Pervasis Therapeutics, Inc. is a clinical stage company that is developing groundbreaking endothelial cell-based therapies designed to regulate the body's natural healing and repair processes in various critical therapeutic areas. The company has initially focused on developing therapies to improve the outcomes of common vascular interventions, such as arteriovenous access, angioplasties, stent placements, and peripheral and coronary bypass grafts – the failure of which result in serious complications and a significant increase in medical costs. The company's lead program, Vascugel®, has demonstrated proof of concept and safety in two Phase 2 clinical trials. Pervasis is also applying its endothelial cell-based platform technology to develop an oncology therapy focused on preventing solid tumor growth, cancer recurrence and metastatic disease, as well as products for inflammatory disease and orthopedic injury.
Pervasis is a privately held company with funding from Flagship Ventures, Polaris Venture Partners, Highland Capital Partners and the Richter Family Fund.
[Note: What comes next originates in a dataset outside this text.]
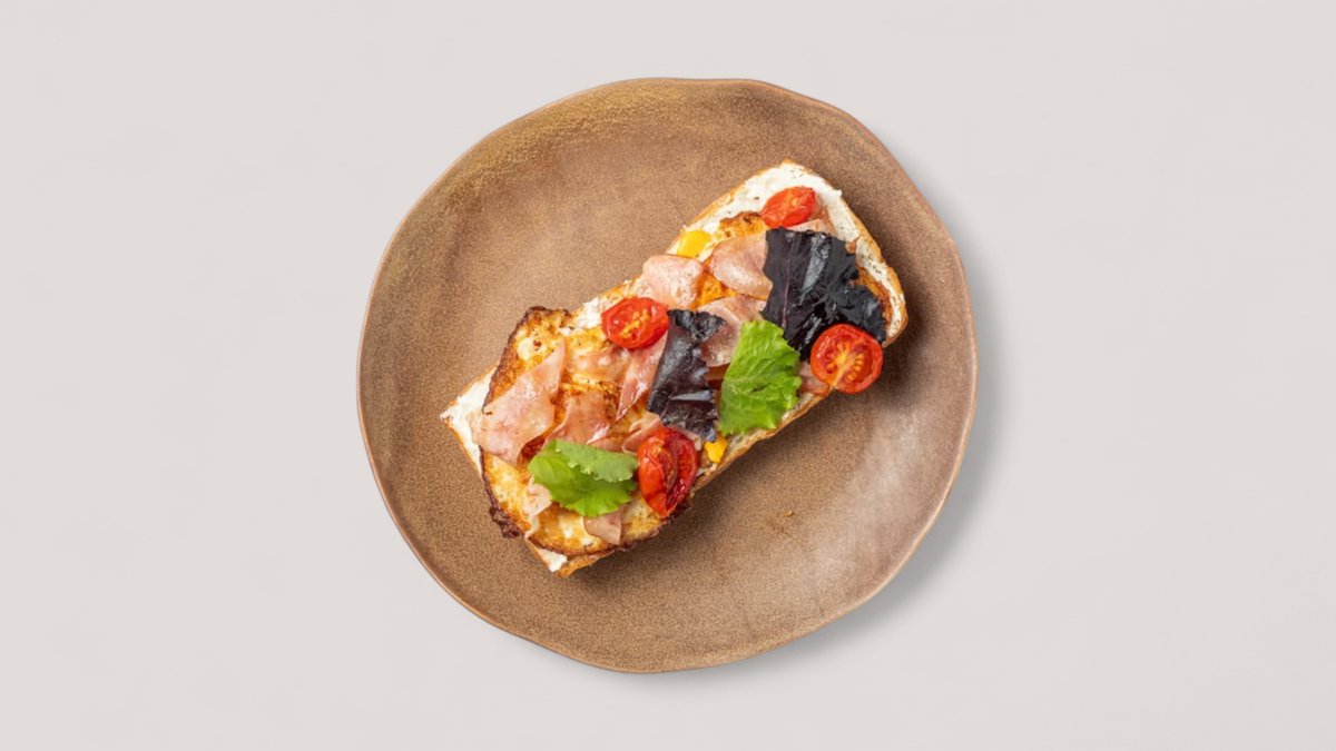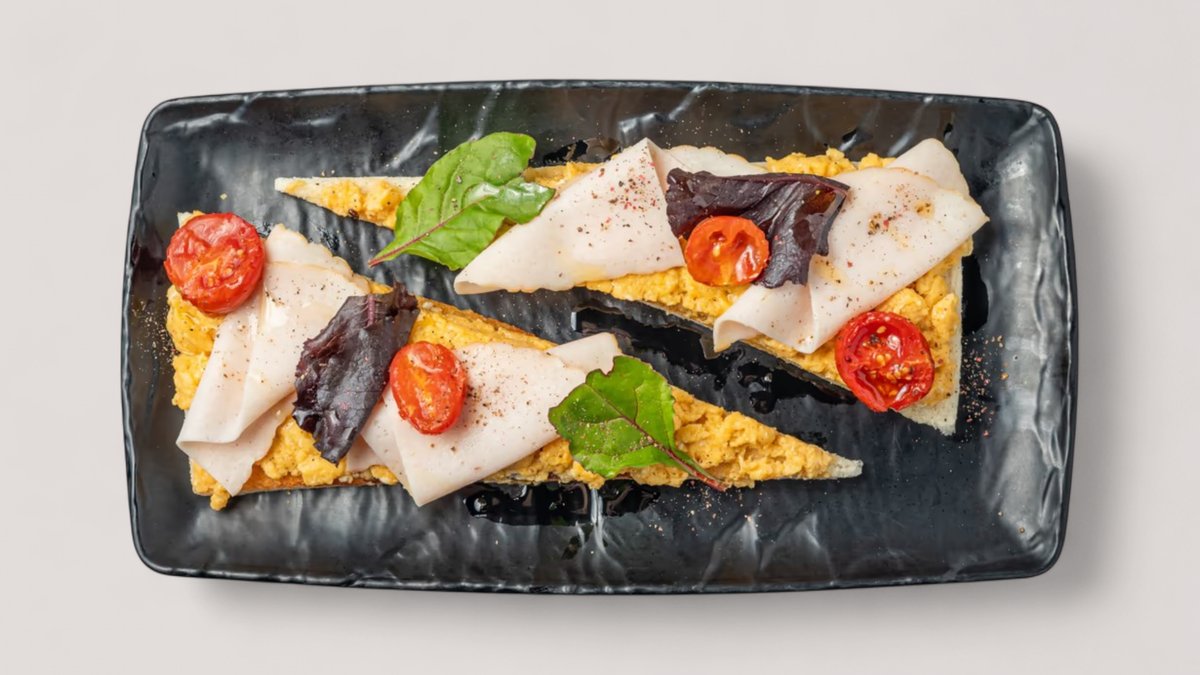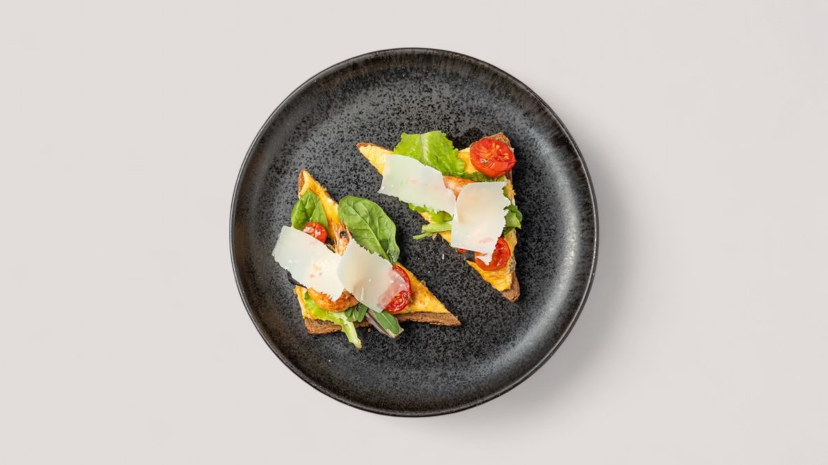 Bukë tramezzini, proshutë gjeli, vezë omletë, krem djathi

For more information, please visit www.pervasistx.com.
(1) J. W. Franses, A. B. Baker, V. C. Chitalia, E. R. Edelman, Stromal Endothelial Cells Directly Influence Cancer Progression. Sci. Transl. Med. 3, 66ra5 (2011).
This news release contains certain forward-looking statements that involve risks and uncertainties. Such statements are only predictions and the company's actual results may differ materially from those anticipated in these forward-looking statements. Factors that may cause such differences include the timing of clinical trials, the risk that products that appeared promising in early research and clinical trials do not demonstrate safety or efficacy in clinical trials and the risk that the company will not obtain approval to market its products.